The program will have three total scholarships to divide among its returning gymnasts next season - less than half of the NCAA maximum of 6.3 scholarships allowed for men's gymnastics. However, barring additional funds, incoming gymnasts will not be able to receive a scholarship should they choose to compete for the team.
This year, the team divided 4.7 scholarships among nine gymnasts, with the team's graduating seniors accounting for 1.7 scholarships.
''This is a concession to the timing and to the fact that they have not and are not yet at the $4 million mark," Barbour said. "There is a step down in financial aid, and as to any other curtailment? We have not contemplated that at this point."
The team will continue fundraising as it enters its 100th season next winter while also resuming recruitment efforts after missing out this year due to the program's uncertain future.
Currently, all 14 members eligible to return plan to do so. McNeill, who will be at this week's Junior Olympic National Championships to recruit, said he hopes to stay put at UC Berkeley as well.
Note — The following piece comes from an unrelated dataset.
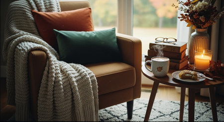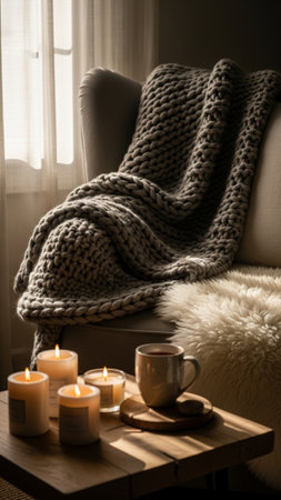 A cozy living room scene featuring a comfortable armchair draped with a knitted blanket, surrounded by decorative elements like candles, books, and plants, creating a warm and inviting atmosphere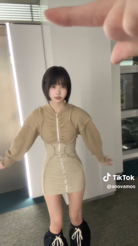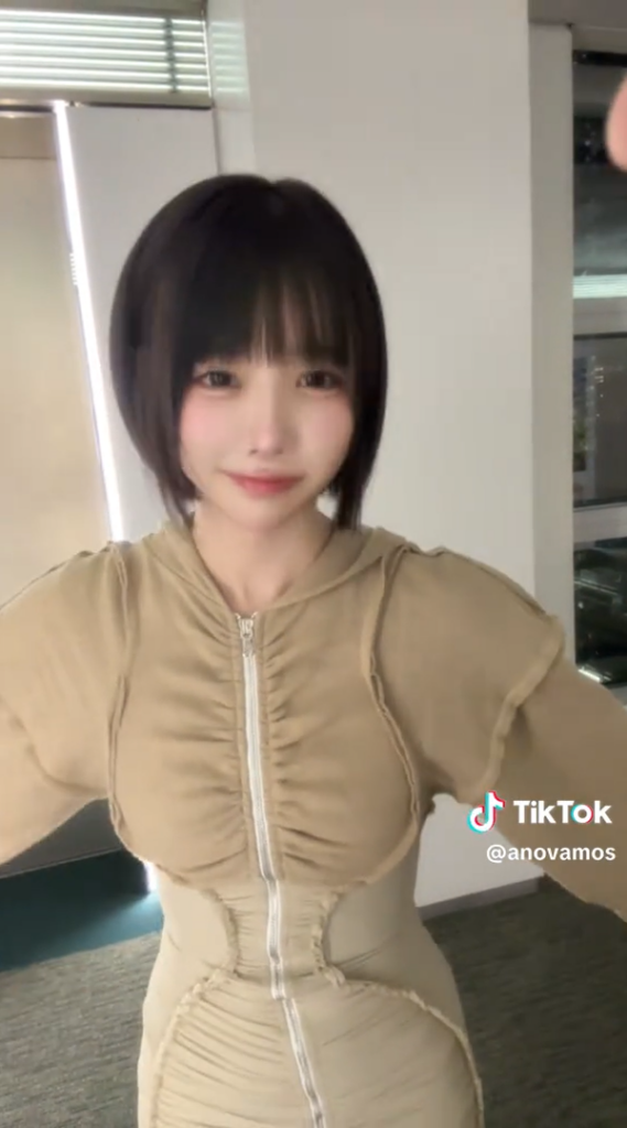 あのさんは、TikTokで流行中の音源に合わせたダンスを公開。タイトなベージュのワンピースに、黒色のレッグウオーマーを着用しています。

After guiding the team to a fourth-place NCAA finish in a turbulent first year at the helm, McNeill will be discussing long-term plans with Barbour in the coming weeks.
"(McNeill's) leadership skills, they're the best of anybody I know," Geri, who was a former teammate of McNeill's, said. "He's told us multiple times that this is his dream job, to be a gymnastics coach at a university. This is what he wants to do."
Bailey said that while the team understands its disadvantage after missing out on the prime recruitment period, the team is confident about its chances next season.
The team will be led by a trio of talented All-Arounders in Bailey, junior Glen Ishino and Swiss national team member and sophomore Dennis Mannhart.
"With all of the distractions that have been going on this year, with us getting cut, it was just a big roller coaster ride that Sandy (Barbour) and the chancellor were giving us," Geri said. "We had to deal with that all the time in the gym, and considering the circumstances I think we did awesome ... We still have a very good chance of being a really good competitor at NCAAs."